GAY and lesbian couples from South Australia are heading to the U.S. to buy designer babies to order for up to $133,000 each – even specifying the gender they want.
IVF pioneer Dr Jeffrey Steinberg said an increasing number of gay Australians were visiting him at his Californian fertility centre to sidestep Australian law which prohibits surrogacy.
"We see about two or three gay couples from Australia each month and that's about a five-fold increase over the last two years," he told the Sunday Mail.
"We see a lot from Adelaide, which always surprises me because Adelaide is a smaller city."
Dr Steinberg said between 75 to 80 per cent of gay and lesbian couples who came to him for treatment decided to choose the sex of their baby – using controversial embryo screening.
"If they choose gender, about 65 to 70 per cent of male gay couples choose male," he said.
"About 85 to 90 per cent of female couples choose female."
Dr Steinberg's LA-based Fertility Institute has performed the high-tech "sex selection" procedure on about 100 gay and heterosexual couples from Australia since 2005, when the Australian Health Ethics Committee banned the use of IVF technology that allowed gender selection.
Advocates of the ban say there is an ethical dilemma in choosing a baby's sex and question the practice of discarding healthy embryos which are not the gender the parents want.
Gay couples can take into account the physical characteristics and education of egg donors.
The fertilised embryos are then implanted in surrogates who have gone through strict psychological and physical screening.

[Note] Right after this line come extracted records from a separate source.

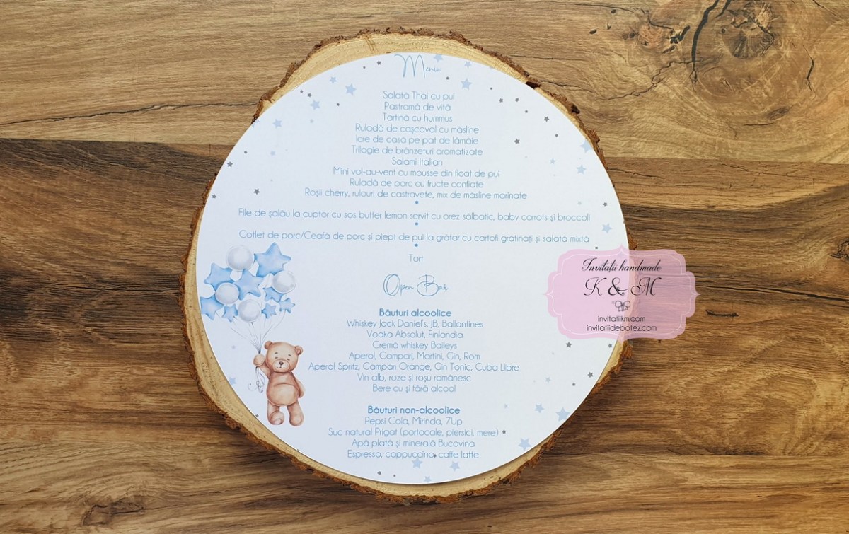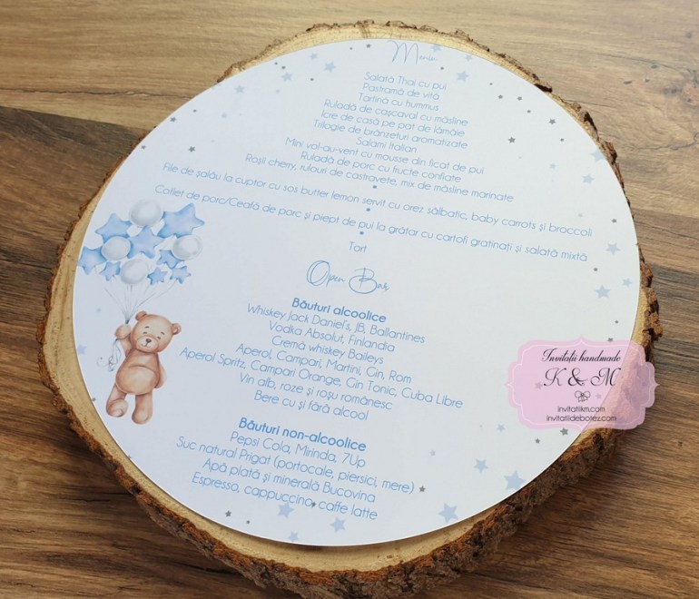 Meniuri individuale rotunde pentru nunta/botez realizate din carton. Meniul poate fi asezat pe fiecare farfurie
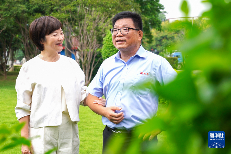 陳富澤和愛人在廠區綠地聊天。新華網 肖和勇 攝
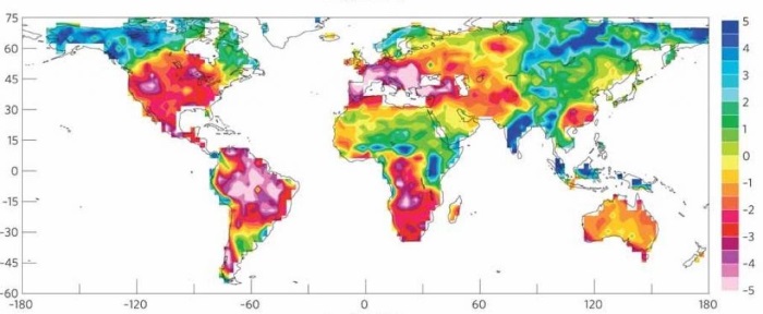 In ogni caso la maggior parte del Pianeta sembra destinata ad andare incontro a episodi di siccità ricorrenti: le colorazioni del rosso e del giallo indicano infatti anch’esse situazioni a evidente rischio siccità, anche se meno insistenti e severe. Il progressivo inaridimento previsto in diverse regioni del Globo sarebbe una conseguenza, per quelle aree, sia di una diminuzione delle piogge causata dal passaggio di un minor numero di perturbazioni sia da una maggior tasso di evaporazione prodotto da temperature via via sempre più alte.
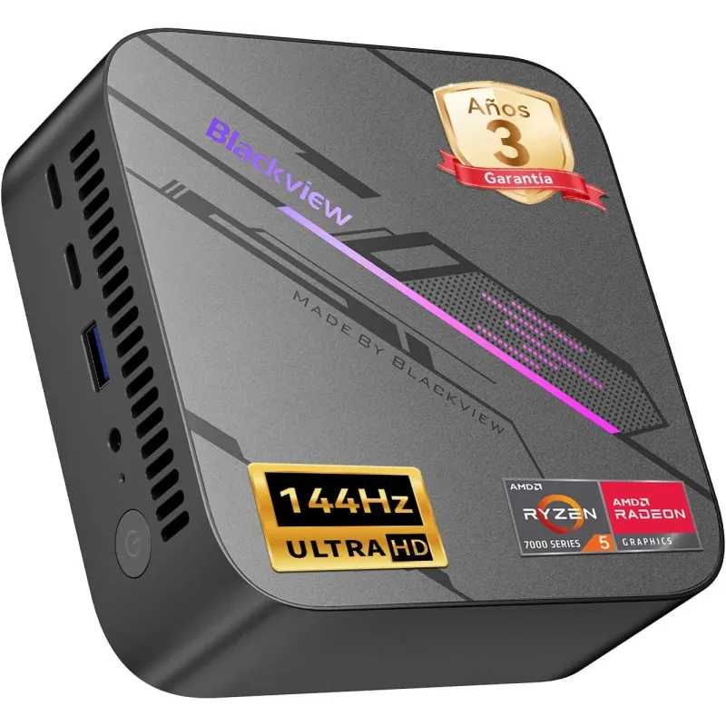 Mini PC Blackview MP100 Ryzen 5 7430U con Wi?Fi 6: compacto para teletrabajo, triple pantalla 4K y Windows 11 Pro de serie. Montaje VESA, listo.
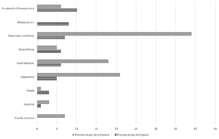 Si observamos los valores asociados a la cobertura del Caguán y La Habana respectivamente, encontraremos dos estados de ánimo opuestos. En el caso del Caguán, los valores que más suman son los negativos como "frustración/desesperanza", "desconfianza" y "miedo". En cuanto al valor "manipulación", solo existe para este proceso, y está estrechamente relacionado con el actuar de las FARC representadas como una guerrilla fortalecida militarmente frente a un gobierno débil sobre el cual ejercían constante presión: "Todo indica que la agenda del proceso de paz con ese grupo sigue siendo manejada por Marulanda y sus hombres", señalaba la revista el 3 de mayo de 1999; mientras que, en el segundo proceso de paz, se las mostró como una guerrilla debilitada militarmente al tiempo que se destacaba la capacidad estratégica del gobierno. De allí que el valor de "manipulación" esté asociado únicamente a las negociaciones del Caguán. En cuanto a La Habana, aunque aparecen valores negativos como "incertidumbre" o "injusticia", los valores que predominan en el cubrimiento son los de "confianza/esperanza", "expectativa", "triunfo/victoria". Este último está relacionado con un elemento particular del contexto en el que se desarrolló este proceso: el enfrentamiento Santos-Uribe. "Con estos dos problemas resueltos -justicia y verificación de la dejación de armas- Santos le ganó a Uribe el pulso de la paz" (Semana, 31 de enero de 2016).

Dr Steinberg said laws banning surrogacy in Australia were pushing gay couples overseas.
"If you're a gay couple and you want a baby, you need an egg donor and you need a surrogate and in Australia it's getting harder and harder to get egg donors and surrogacy is just not allowed," he said.

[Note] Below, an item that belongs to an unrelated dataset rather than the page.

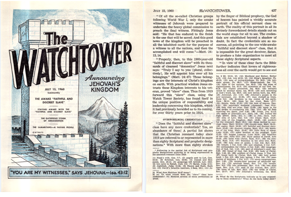 Har den ”trogne och omdömesgille slaven” ytterligare legitimation att förete? Ja, en stor myckenhet! En lista, som alls inte är fullständig, visar att den kristna kvarlevan, sådan den existerar i vår tid sedan 1919, finns omtalad eller framställd genom mer än åttio bibliska och profetiska beteckningar och bilder. Med mer än åttio penseldrag av den bibliska profetians finger har himmelens Gud målat ett levande och exakt porträtt av sin officiella tjänareklass på jorden. Den verklighet som detta porträtt återger framstår nu, med alla sina av Gud förutbestämda drag, på världsscenen så att alla kan se den. Det är en legitimation, som inte ens skuggan av ett tvivel vilar på. I själva verket är legitimationsbevisen så talrika, de pekar så samstämmigt på den enda klarvakna klassen, den ”trogne och omdömesgille slaven”, att det är omöjligt för den store bedragaren, Satan, att frambringa en falsk organisation som kan uppvisa alla dessa av Skriften angivna åttio drag och kännetecken. …” – Vakttornet, 15 november 1960, sid. 516–517 (sve.) – Vakttornet, 15 juli 1960, sid. 437 (eng.)

"So they have no options . . . and basically if you're going to do surrogacy, the US is the place to do it – especially California.
"California is so friendly (to couples using surrogates) that there's no evidence of the egg donor or the surrogate (in state records)," he said.
"Even on the birth certificate application, it doesn't say `mother' and `father' for the names (of the parents) – it says `parent' and `parent'.
"So the guys can get both of their names on the birth certificate." Dr Steinberg said he was often targeted by people who opposed gay couples becoming parents.
"We sometimes get nasty emails, mostly from religious groups," he said.
"But we also get a huge amount of support. It's starting to become more accepted I think."
Dr Steinberg said about 15 Australian heterosexual couples a month had a child using a surrogate through his centre.